Plain English Summary
Background and study aims
Patients receive routine chest physiotherapy following major chest surgery in order to prevent the development of chest infections, which lead to higher costs of hospital care and are the main cause of death following this type of surgery. The physiotherapy usually includes deep breathing exercises, which are thought to be necessary as areas of the lungs may be collapsed after surgery, and these exercises at regular intervals daily are thought to help re-open the lung. Deep breathing exercises can be performed through a plastic device which measures the size of the breath, known as an incentive spirometer. This is thought to improve the effectiveness of the exercises by motivating the patient to take the largest deep breaths possible.

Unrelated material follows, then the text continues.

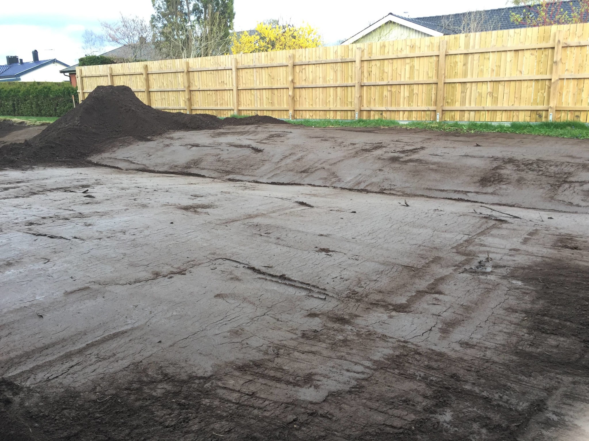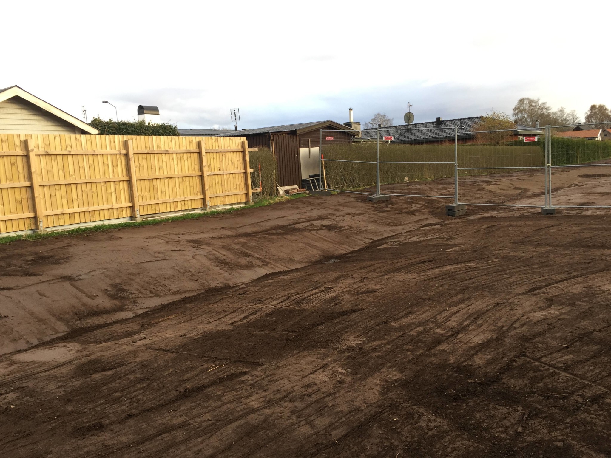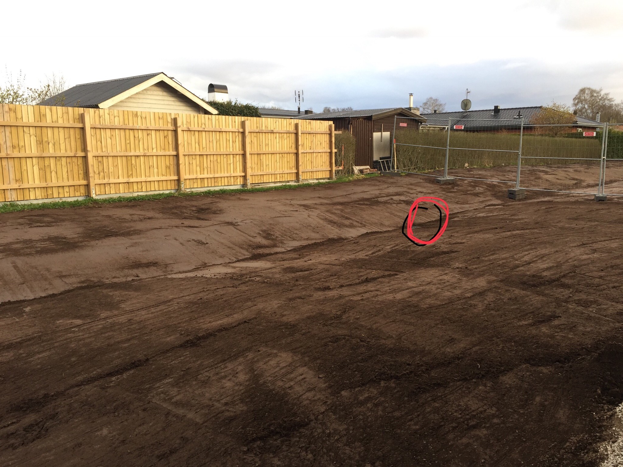 Vi håller på att bygga ett nyckelfärdigt hus via en totalentreprenör. När vi tittade till bygget idag blev vi chockade över den riktigt fula inbuktningen på trädgårdsytan. Vad tusan ska vi kunna göra av detta utrymme när det ser ut som det gör?! Det finns ett brunnslock där det är som djupast i den så kallade skyttegraven (se bild med inringning).

Routine provision of physiotherapy following major chest surgery has long been recommended, and has recently been confirmed as beneficial following a large study which found a marked reduction in chest infection in patients who received treatment. Further research to identify who might most benefit from physiotherapy and exactly what interventions (for example incentive spirometry) are most beneficial is, however, still needed.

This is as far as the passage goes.